Spiders are among the most abundant predators in agroecosystems, where they are considered major biological control agents of moths, psyllids, aphids, planthoppers and other economically important organisms with the potential to cause adverse effects on crop yields33,34,35,36,37. Therefore, we hypothesized that the neonicotinoids that are commonly used in agriculture (acetamiprid, imidacloprid, thiacloprid and thiamethoxam) have repellent or feeding deterrent effects on spiders. We tested this hypothesis by providing prey treated or not with field-realistic concentrations of neonicotinoids to the spiders and determined the number of a) killed prey, b) killed and eaten prey, and c) overkilled prey that was killed but left uneaten.

Materials and Methods

As a model, we used the lycosid spider Pardosa agrestis (Westring, 1861) (Araneae: Lycosidae). This spider actively searches for prey on the ground. We collected juveniles of P. agrestis (n = 280) from barley fields in the Tursko, Czechia (50.11°N, 14.19°E, 300 m a.s.l.) environment in April and May 2017. We kept the spiders individually in glass tubes (diameter 15 mm, length 60 mm) with a layer of plaster of Paris at the bottom. We moistened the plaster of Paris with a few drops of water at three-day intervals to maintain adequate humidity. We kept the spiders at 20–22 °C under a photoperiod of 16 h light/8 h darkness. We used wingless Drosophila melanogaster Meigen, 1830 (Diptera: Drosophilidae) flies and juvenile Acheta domestica (Linnaeus, 1758) (Orthoptera: Grillidae) crickets as food during rearing to adulthood.
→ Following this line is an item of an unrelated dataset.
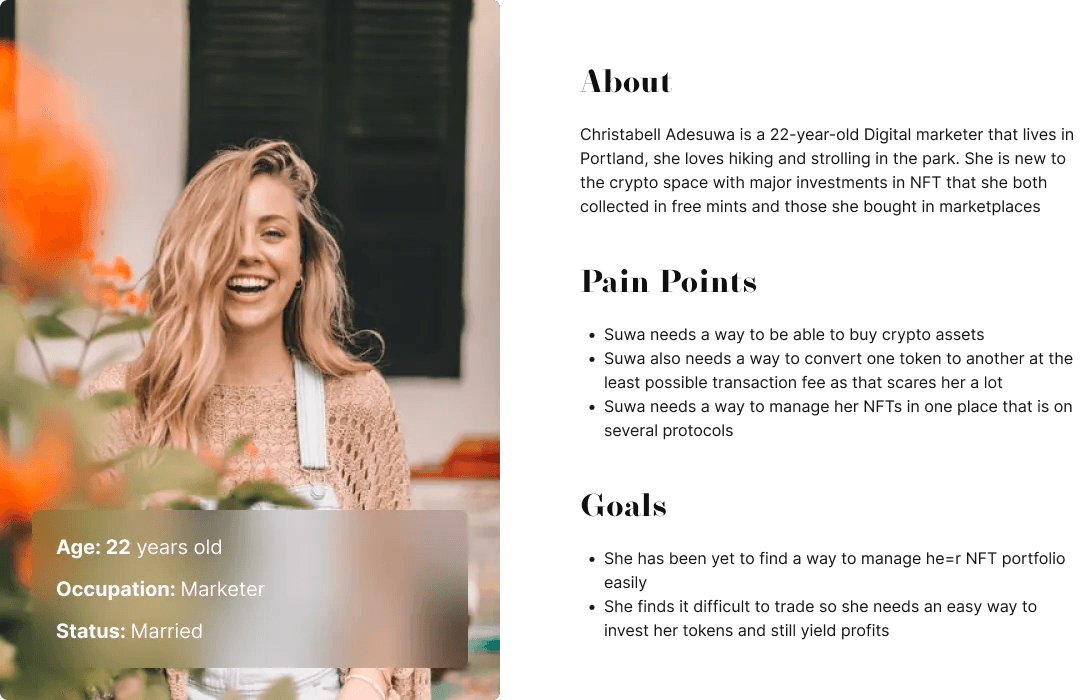 The next step in the research phase was to look at major protocols across several aspects that were doing well in their niche. The available product has covered many niche areas, including Defi to DEX, NFT, and analysis tools. So these were the competitors researched below DEX: 1inch, Zapper, Uniswap, Sushiswap NFT: Opensea, Rarible, Foundation.app Analysis: Dextools, Coinmarketcap These helped in getting an overview tho analogous; it helped to structure the UX of the product as the base shell so we can improve the design, UX, and overall value proposition of the protocol.

When spiders reached adulthood, we corroborated their species identity according to Nentwig et al.38. The average body size (prosoma and opisthosoma length) displayed sex-specific differences, with females being longer (6.16 ± 0.09 mm) than males (5.71 ± 0.08 mm) (Mann-Whitney U test U = 798.5, p = 0.002, n = 50 in each group). We took freshly molted individuals with no signs of harm and split them into five experimental groups of 20 individuals each. Each experimental group contained ten females and ten males. During the experiments, we fed spiders with flies treated with insecticides or with distilled water as a control (mock). The tested insecticides consisted of the neonicotinoids acetamiprid (formulated as Mospilan 20 SP; dilution 7.32 μg L−1; treatment 3.9 mg cm−2), imidacloprid (Confidor 200 OD; dilution 73.2 μg L−1; treatment 1.7 mg cm−2), thiacloprid (Biscaya 240 OD; dilution 24.4 μg L−1; treatment 4.5 mg cm−2) and thiamethoxam (Actara 25 WG; dilution 8.54 μg L−1; treatment 3.7 mg cm−2). Thus, we applied all the neonicotinoids in dilutions recommended by their manufacturers for use in spraying crops to eliminate pest insects.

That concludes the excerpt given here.